Vêtements intelligents : les entreprises avant les consommateurs

Le Proglove permet de scanner en ayant les mains libres.

Des chaussures qui sonnent l’alarme quand un travailleur tombe, des vêtements qui captent votre pouls et votre respiration, un bikini qui vous avertit quand vous avez pris assez de soleil. L’industrie du vêtement intelligent se développe mais, souvent pour une question de coûts, elle vend ses trouvailles surtout à des entreprises plutôt qu’aux consommateurs.


Qu’est-ce qu’un vêtement intelligent? C’est un textile «capable de détecter, de réagir et de s’adapter à un grand nombre de stimuli», explique Pauline Kaci, directrice générale de Vestechpro, un centre de recherche et d’innovation en habillement. Il peut être chauffant ou rafraîchissant, intégrer des systèmes de transmission (Bluetooth, wi-fi), capter des signes vitaux, entre autres.
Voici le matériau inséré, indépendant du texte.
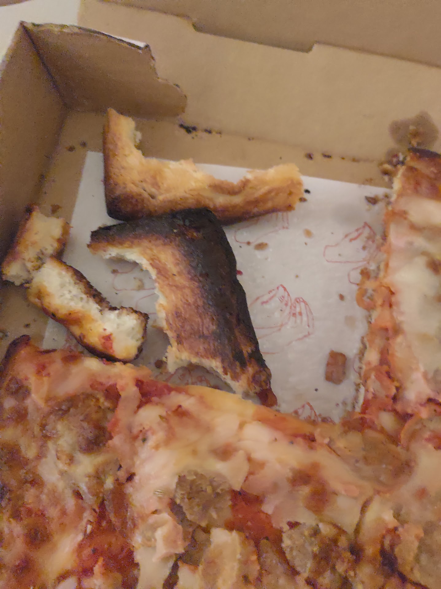 The pizza was basic and cooked so the meats were dry. The garlic knots maybe the best thing about it.. (BTW the knots don’t come with any sauce they are $2.00 per tiny cup the person who takes the order NEVER mentions) the sauce has absolutely no seasoning. The chicken tenders were cooked to the point the kids wouldn’t eat them. The Dr. Pepper was in cans when I asked for bottles. They even said the only thing that had in bottles was Dr. Pepper.. so I ended up with 2 16 oz cans of Dr.Pepper vs 2 20oz bottles. The only thing that came out good was the Egg Plant roll.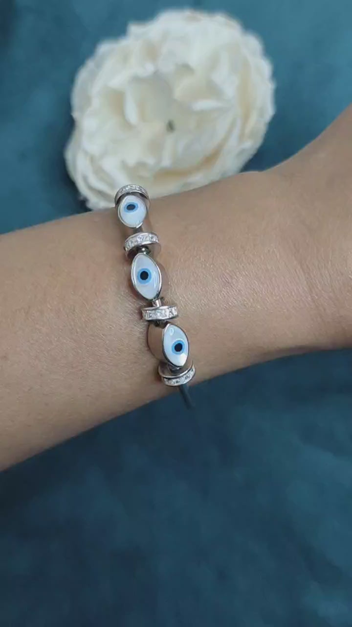 92.5 Sterling Silver Zircon Evil Eye Women Charms Kada Bracelet

«Il a une fonction active, qui n’est pas permanente dans le temps», précise aussi Justine Decaens, directrice innovation technologique pour le Groupe CTT. Il ne faut pas confondre avec des textiles techniques, comme ceux antibactériens par exemple, indique-t-elle. Le Groupe CTT est un centre de transfert de technologie spécialisé dans le textile qui aide des entreprises canadiennes à développer leurs produits.

À l’heure actuelle, le plus grand défi pour les entreprises n’est pas de mettre au point leurs technologies, mais de les commercialiser, estiment les deux femmes.

«La technologie existe, mais on a du mal à la fabriquer en volume», explique Mme Decaens. Plusieurs étapes sont faites à la main.

«Nos entreprises manufacturières ne sont pas habituées à produire ce genre de produits-là», constate aussi Mme Kaci.

Qui dit petits volumes dit souvent prix plus élevés pour chaque article. Plus difficile donc à vendre à un particulier. Plusieurs sociétés qui fabriquent des vêtements intelligents choisissent plutôt de faire affaires avec des entreprises ou des institutions. «Quand on arrivera à automatiser le processus, les prix vont descendre, on va pouvoir se rendre au consommateur», croit Mme Decaens.


Elle donne l’exemple de chandails qui permettent de mesurer les signes vitaux. Il devient plus intéressant de vendre à des hôpitaux ou à des chercheurs qu’à des particuliers. «Là, avoir un chandail qui va coûter 300-400 $, ça devient acceptable. Dans le cas d’une étude clinique, l’appareillage qui est remplacé par le chandail coûte bien plus cher que 300 ou 400 $.»

Même chose pour une entreprise qui achète un produit en santé et sécurité au travail. Le prix n’est pas un obstacle s’il permet d’éviter un accident ou de remplacer d’autres équipements dispendieux. Mme Kaci remarque que le créneau de la santé et la sécurité au travail a le vent dans les voiles. Vestechpro y a d’ailleurs consacré son rendez-vous annuel Wear it smart.

Défis de l'industrie

Quels sont les autres défis de l’industrie? «Un vêtement connecté, ce n’est plus juste la designer qui travaille pour développer un produit. C’est une équipe multidisciplinaire», note Mme Kaci. Il faut faire travailler efficacement tout ce beau monde ensemble. Par ailleurs, il faudra aussi former la main-d’oeuvre.

Les questions de protection des données récoltées et de la vie privée restent aussi importantes. Mme Kaci explique que certains syndicats ont soulevé des interrogations au sujet des produits connectés, craignant que l’employeur ne s’en serve pour surveiller ses employés.